Normality assumption in Fit Least Squares

Hi, 

 

I have a simple question that I was wondering if people with more experience could shed some light on.

I know that OLS does not necessarily require normality assumption, but normality on the residuals leads to unbiased estimates with minimum variance.

 

I tried to fit a model on a continuous response with three independent variables using Least Squares in the Fit Model platform. This model had a Radj of about 0.45 and the residuals plot exhibited a clear pattern.

Next, I check the distribution of the continuous response and saw that it was far from normal.

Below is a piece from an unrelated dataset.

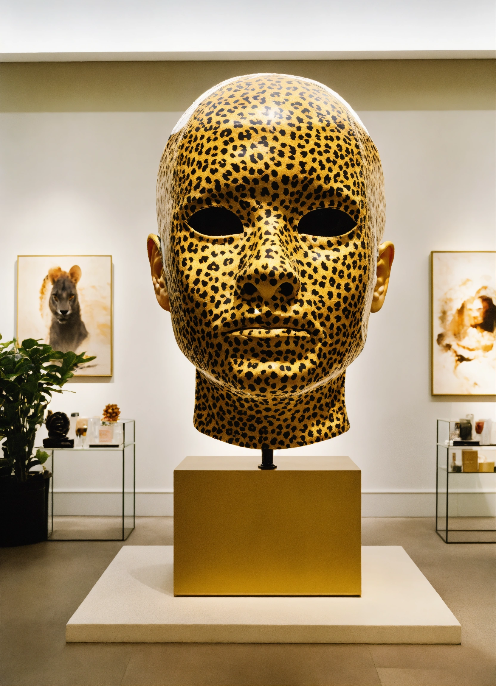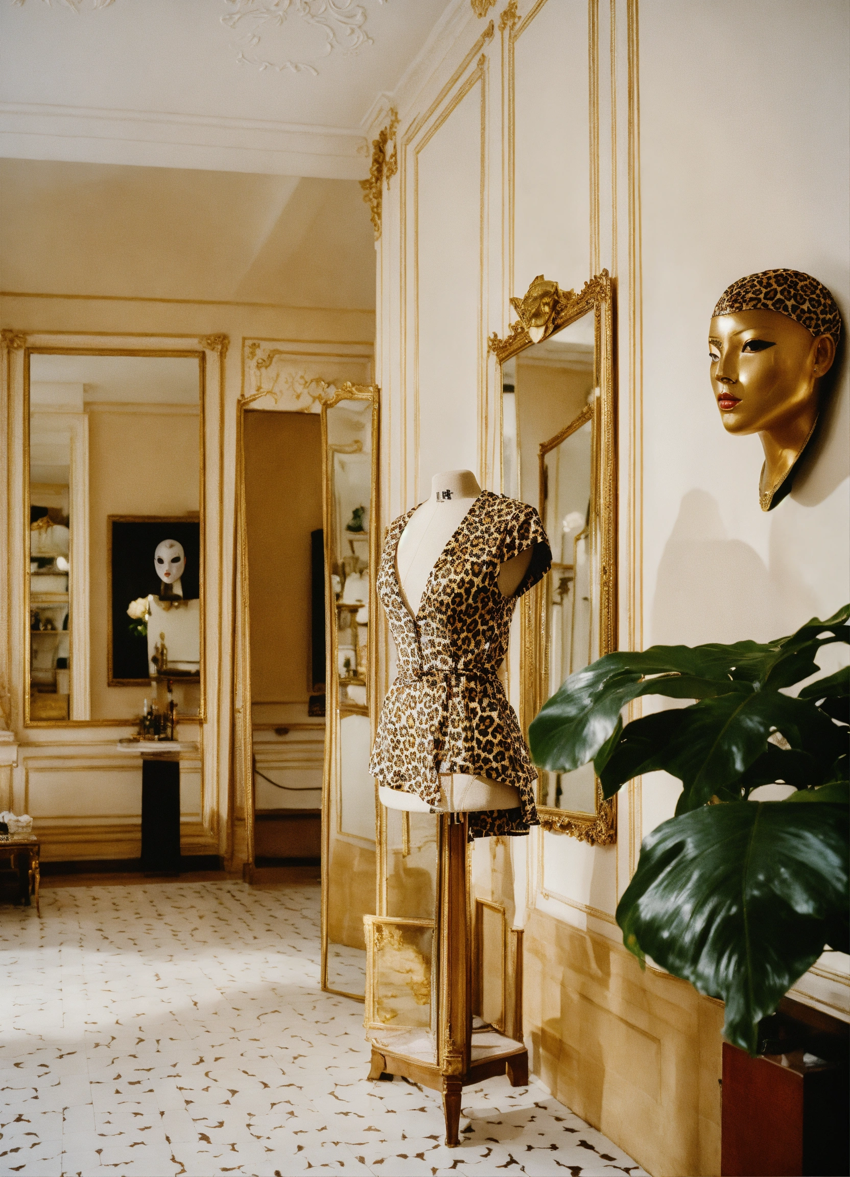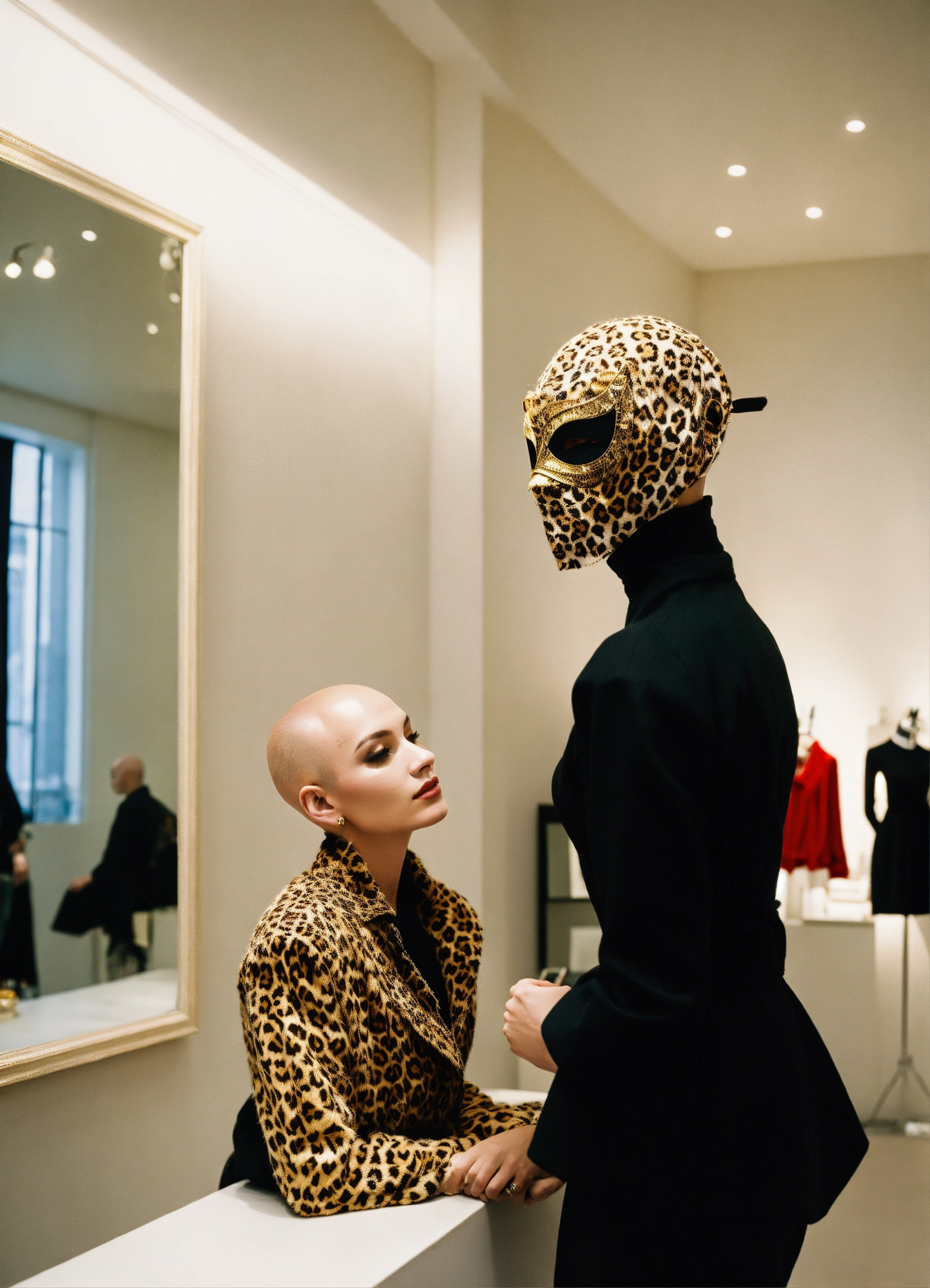 Bald the mask 1994, parisian salon, boutique, montaigne avenue, bright space well lit, white walls, leopard

Using Generalized Regression (Lasso) and Normal response distribution, the model still led to a Generalized Rsquare of about 0.45. However, when I switched to an exponential response distribution, the Rsquare increased to 0.84.

 

If normality on the response is not needed on Least Squares, what could explain such a difference?

 

Thank you!

 

 

 

1 ACCEPTED SOLUTION

Accepted Solutions

Re: Normality assumption in Fit Least Squares

Ordinary least squares regression is often treated as a special case with regard to the distribution of the response. As @Thierry_S explained, we usually address the residuals (estimated errors) assuming that the errors are normally distributed. You could also describe it as a conditional distribution: Y ~ Normal( mean = predicted Y = f(X), variance ). So the mean Y varies with X as described by the linear regression model but the variance of Y is constant, or independent of the response. In other words, the response exhibits a normal distribution of errors for any give mean response (predicted).

 

I would not say that "OLS does not necessarily require normality."

 

The normality assumption and OLS lead to a poor model if the conditional distribution is not normal. So the exponential distribution appears to be model for the variance than the normal distribution in your case.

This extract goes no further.